In this study, the investigators will establish a workflow to generate unique patterns of the donor-reactive T cell repertoire using mixed lymphocyte reactions to select alloreactive T cell clones prior to transplantation Tissue infiltrating as well as blood bound T cells will be characterized based on:

1. Identification of donor-specific T cell receptor sequences pre- and post-transplant by in vitro expansion to determine unique patterns

2. Quantification and comparison of donor-specific T cell clones in kidney biopsy and blood samples.

3. Analysis of the TCR repertoire diversities derived from kidney biopsy and blood samples and association of repertoire diversities with the histomorphological phenotype of T cell mediated rejection.
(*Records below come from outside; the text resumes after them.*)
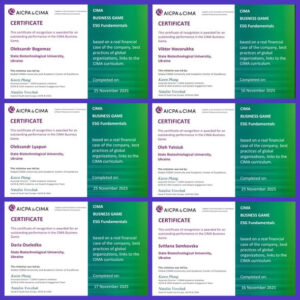 Щиро дякуємо директору академічних ініціатив CGMA Karen Phang та команді CIMA Україна (Natalie Vovchuk, Marina Zayceva) за запрошення до гри та співпрацю! Участь у грі надихає нас і надалі інтегрувати ESG-підходи в освітні програми та формувати нове покоління бухгалтерів-лідерів майбутнього.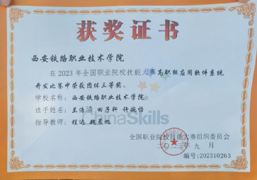 9月13日至14日,2023年全国职业院校技能大赛高职组应用软件系统开发赛项在大连市体育中心举行,来自全国各地的67支团队参赛。作为代表陕西省参赛队之一,代表队由电子信息学院的兰浩璘、田子轩和许婉怡三名同学组成,程达、魏晨旭担任指导教师。经过激烈角逐,贝博官网代表队荣获团体三等奖。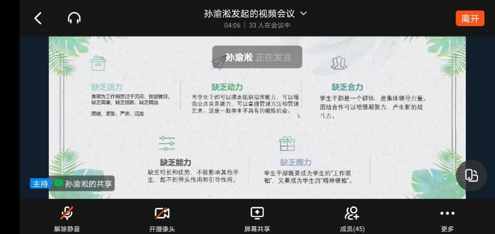 孙渝淞首先发言,他从学生干部的定义出发,结合任职三年来个人对黑料正能量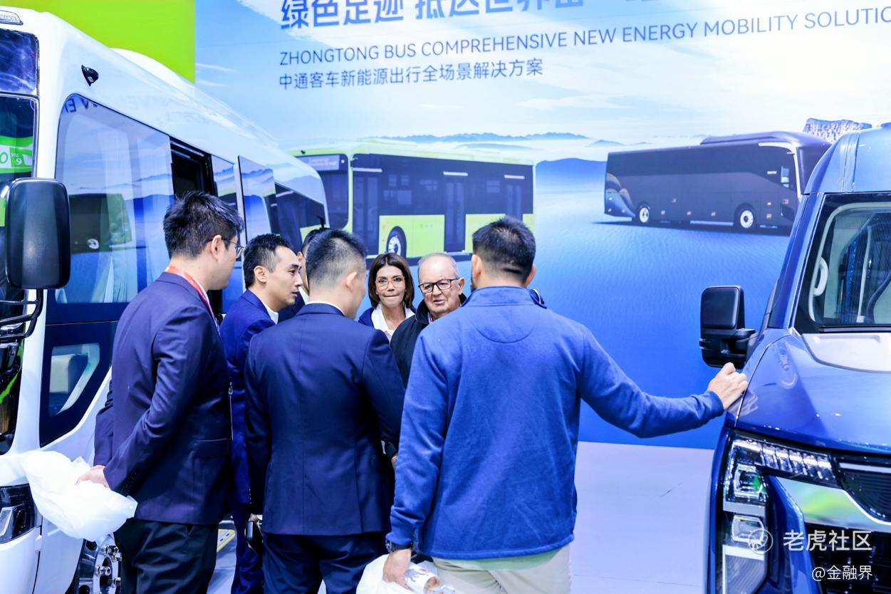 图片说明:外国客商正在新能源展区了解新能源客车产品

4. Identification of T cell subtypes within the donor-reactive population. The investigators specifically hypothesize that highly expanded donor-reactive T cell clones in both kidney tissue and blood samples at time of indication biopsy are associated with the histological phenotype of acute T cell mediated rejection. The investigators have previously shown that there is a strong correlation between highly expanded tissue-resident T cell clones and the repertoire found in periphery blood samples. To trace and quantify donor reactive T cells the investigators will apply a truly quantitative approach for immune repertoire profiling based on high- throughput sequencing. The investigators ultimate goal is to develop a diagnostic tool to assess alloreactive cellular immunoresponses based on peripheral blood samples.

Detailed Description

Kidney transplant recipients receiving a non lymphodepletional induction therapy at the investigators center will be included in this study.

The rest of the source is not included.